In [3]:
import pandas as pd
from sklearn.linear_model import LinearRegression
from sklearn.model_selection import train_test_split
from sklearn.preprocessing import StandardScaler
from sklearn.feature_selection import SelectKBest, f_regression
from sklearn.metrics import mean_squared_error, r2_score

# Read the dataset
data = pd.read_csv("./Data/PricePredictionData.csv", names=["HostelName", "No_of_Bed", "Ac", "Laundry", "FoodType", "Rating", "Security", "price"])

# Feature engineering
data['Bed_to_Price_Ratio'] = data['No_of_Bed'] / data['price']
data = pd.get_dummies(data, columns=['FoodType'])

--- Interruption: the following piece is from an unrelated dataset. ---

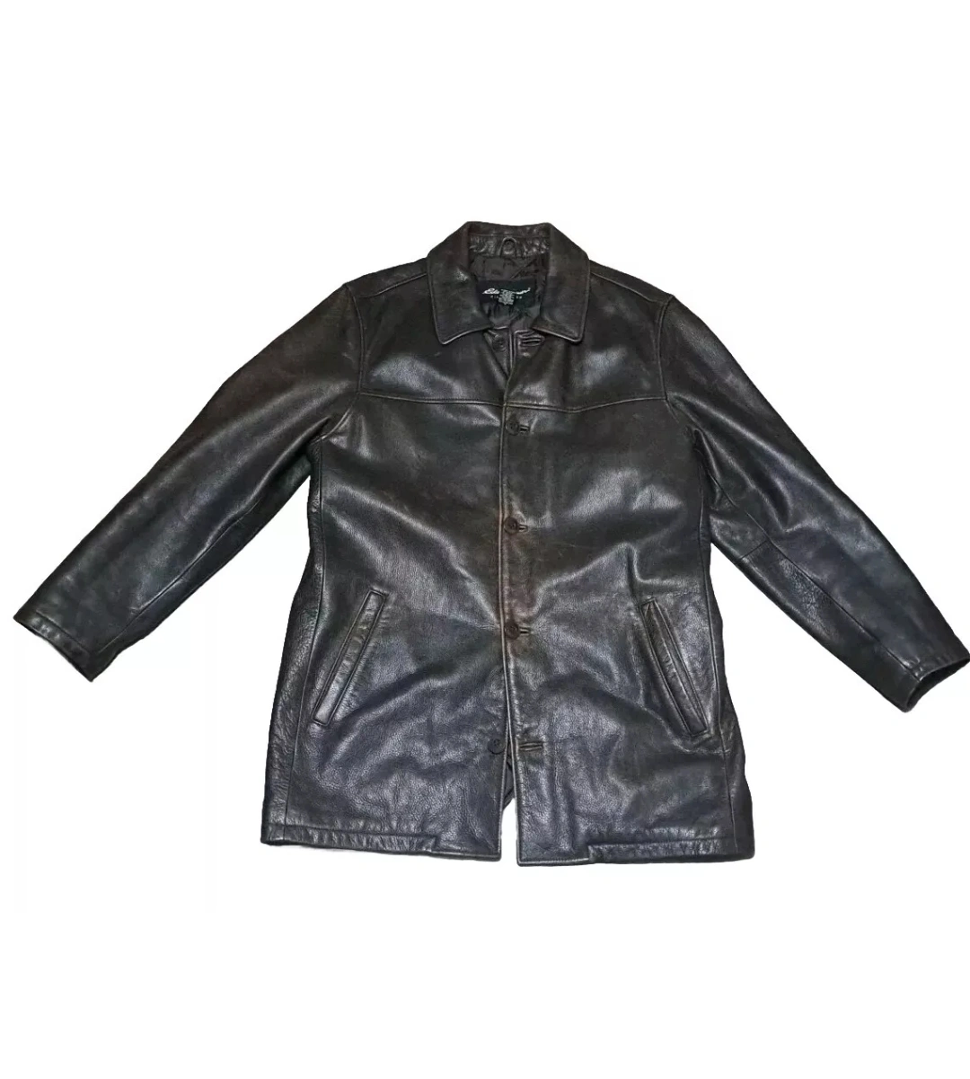 Classic men's leather jacket. Features a button front closure, long sleeves, and pockets. Excellent for layering. like new

# Prepare the features and target variable
X = data.drop(['HostelName', 'price'], axis=1)
y = data['price']

# Split the data into train and test sets
X_train, X_test, y_train, y_test = train_test_split(X, y, test_size=0.1, random_state=10)

# Feature scaling
scaler = StandardScaler()
X_train_scaled = scaler.fit_transform(X_train)
X_test_scaled = scaler.transform(X_test)

# Feature selection
selector = SelectKBest(f_regression, k=4)  # Select top 4 features
X_train_selected = selector.fit_transform(X_train_scaled, y_train)
X_test_selected = selector.transform(X_test_scaled)

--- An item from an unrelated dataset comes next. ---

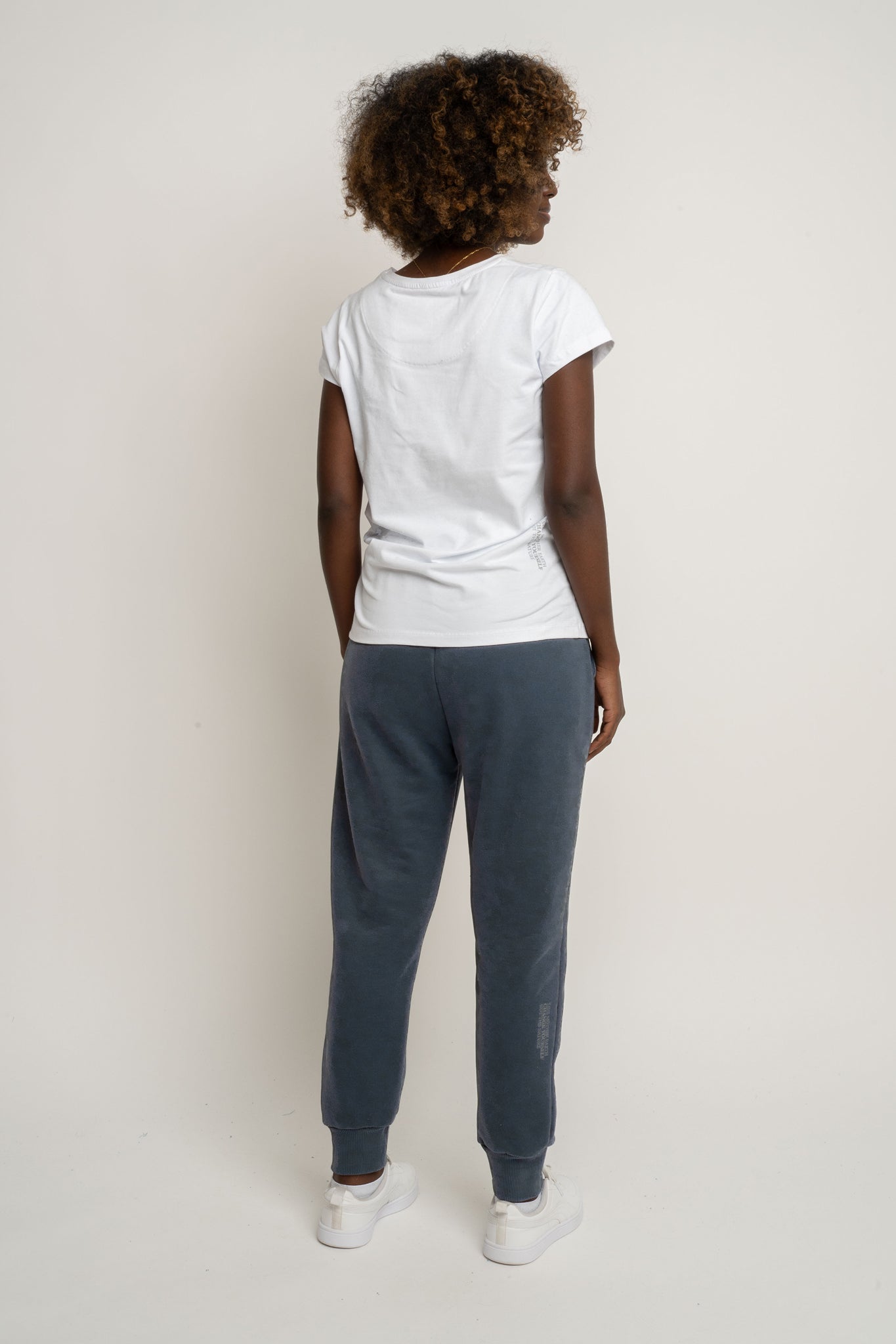 Spodnie damskie BEGERA charakteryzują się elastycznym pasem, który doskonale podkreśla talię i zapewnia idealne dopasowanie do sylwetki. Elastyczność pasa sprawia, że spodnie są wygodne do noszenia przez dłuższy czas, bez uczucia dyskomfortu. Dodatkowym atutem są ściągacze w nogawkach, które umożliwiają regulację długości spodni, dostosowując je do indywidualnych preferencji noszącej. Spodnie dresowe posiadają również praktyczne detale, takie jak dwie kieszenie po bokach. Kieszenie te nie tylko dodają nutę stylu, ale także stanowią funkcjonalne miejsce do przechowywania drobnych przedmiotów, takich jak klucze czy telefon komórkowy. Dzięki nim, nosząca spodnie kobieta może mieć przy sobie najważniejsze rzeczy, nie rezygnując z wygody i swobody ruchu. Oprócz funkcjonalności, spodnie prezentują się również modnie, dzięki starannemu wykonaniu i dopracowanym detalom. Dresowy materiał nadaje im casualowego charakteru, co sprawia, że są doskonałym wyborem zarówno na co dzień, jak i podczas aktywności fizycznej czy relaksu. Te spodnie dresowe są doskonałym dopełnieniem garderoby każdej kobiety, która ceni sobie komfort i styl. Nasza modelka ma 176 cm wzrostu i ma na sobie rozmiar XS/S.

# Create a Linear Regression model
model = LinearRegression()

# Train the model
model.fit(X_train_selected, y_train)
print(model.score(X_test_scaled,y_test))

# Make predictions on the test set
y_pred = model.predict(X_test_selected)

# Evaluate the model
mse = mean_squared_error(y_test, y_pred)
rmse = mse ** 0.5
r2 = r2_score(y_test, y_pred)


print("Mean Squared Error:", mse)
print("Root Mean Squared Error:", rmse)
print("R^2 Score:", r2)


ValueError: X has 8 features, but LinearRegression is expecting 4 features as input.